The END – or is it?

I was asked the other day how I feel when I tap out the immortal words THE END at the completion of a novel.

The timing of the question was quite eerie because I was just reaching the final pages of the copy edits of my latest DI Horton marine mystery crime novel Blood on the Sand which is being published by Severn House in February next year. It is the fifth in the Inspector Horton series. Reaching the end of this my feelings were relief mixed with anxiety: is it good enough? Should I re-write one more time? Could I have changed anything? Too late…I’ve pressed the send button and it’s gone to my editor. The next time I’ll get to review this will be at proof reading stage and all the anxieties over what, if anything, I should have changed will return. But by then it really is too late to make changes.

So how do I feel when I tap out the immortal words THE END at the completion of a novel? (Although I don’t actually tap out THE END).

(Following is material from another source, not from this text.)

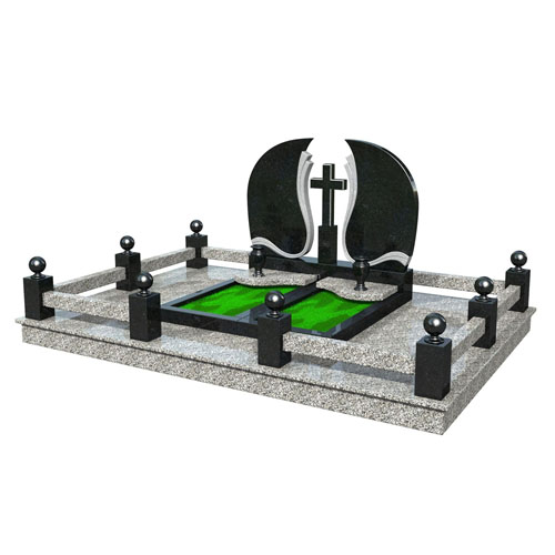 Эксклюзивный гранитный комплекс для семейной пары. Два памятника с волнами, гранитный крест посредине. Оригинальная дизайнерская ограда, облицовка серой покостовской плиткой.

It really depends on which draft I am writing. After the first draft there is a feeling of elation - I have finally managed to reach THE END after bashing out, as quickly as I can, somewhere between 80,000 to 100,000 words. With the second draft comes a greater sense of satisfaction that all the ends are beginning to tie up neatly. The third and fourth drafts fine tune the novel and by the time I’ve reached the fifth and sixth I’m beginning to know it backwards, upside down and inside out and can no longer see where the glaring holes are – time to get a second opinion from my editor. But always, no matter how many drafts it takes to get to the final version, when I reach THE END I feel a shiver up (or should that be down?) my spine. This can be a shiver of satisfaction or excitement or both, and if I feel that then hopefully my readers will feel it too. And I’m pleased that Inspector Andy Horton has survived another case and will live to solve a new one in the next novel.